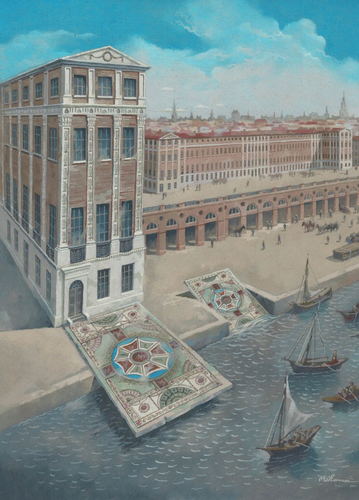 Adelphi houses were beautifully decorated not only on the outside but also on the inside. In the work you can see an example of the pavement, one of the ones I found in the books – it was probably in the entrance hall. I represented it outside the building so it could be seen.
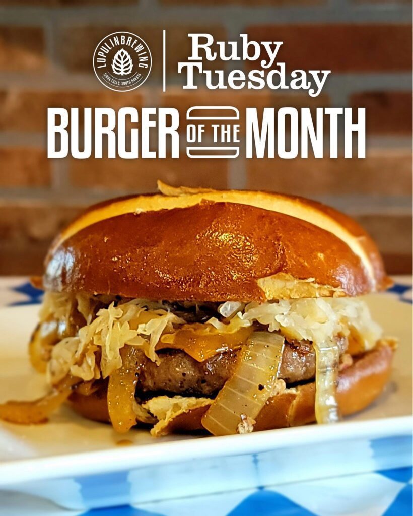 The monthly partnership between Lupulin Brewing Co. and neighboring Ruby Tuesday is celebrating Oktoberfest. The exclusive burger for October is a bratwurst patty topped with cheddar cheese, onions sauteed in Oktoberfest beer, sauerkraut and spicy mustard on a pretzel bun. It comes with a side of fries or tots.
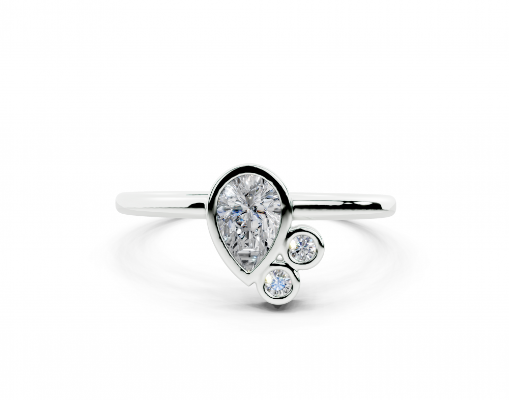 Inel cu diamant central Pear Cut de 0.35ct si diamante rotunde laterale de 0.02ct
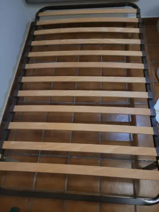 Somier de lamas de madera con estructura metálica. - Base de descanso para colchón. - Lamas de madera. - Marco metálico resistente. Opción de colchón gratis. Medidas para cama de 105x180
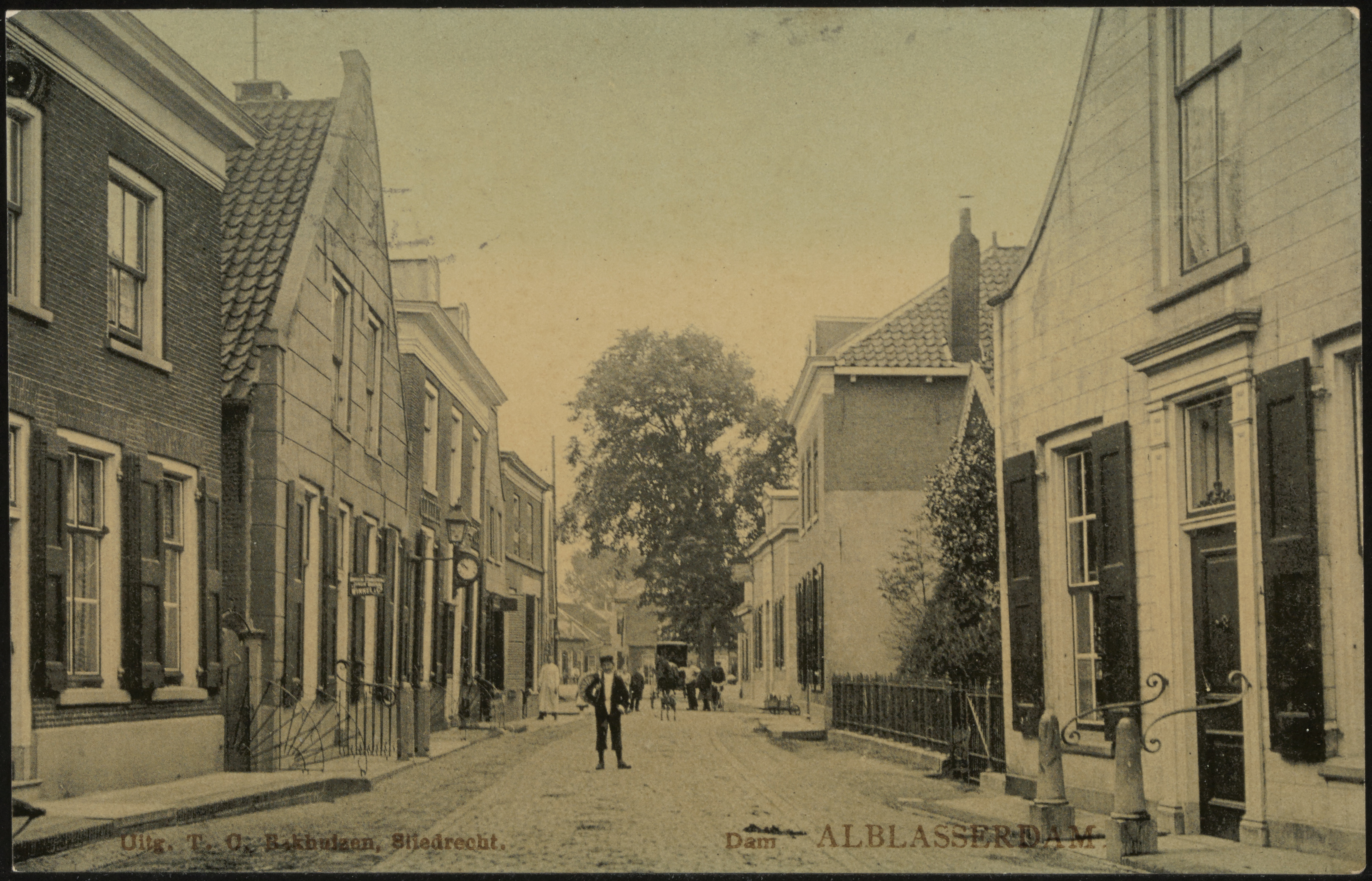 - De Dam in Alblasserdam. Bij de klok is het oude raadhuis.

-.-.-

Task to carry out
Every line from the one with "Inel cu diamant" through the last line of the material gets printed exactly, and nothing more. Omit the pictures.

Result
 Inel cu diamant central Pear Cut de 0.35ct si diamante rotunde laterale de 0.02ct
 Somier de lamas de madera con estructura metálica. - Base de descanso para colchón. - Lamas de madera. - Marco metálico resistente. Opción de colchón gratis. Medidas para cama de 105x180
 - De Dam in Alblasserdam. Bij de klok is het oude raadhuis.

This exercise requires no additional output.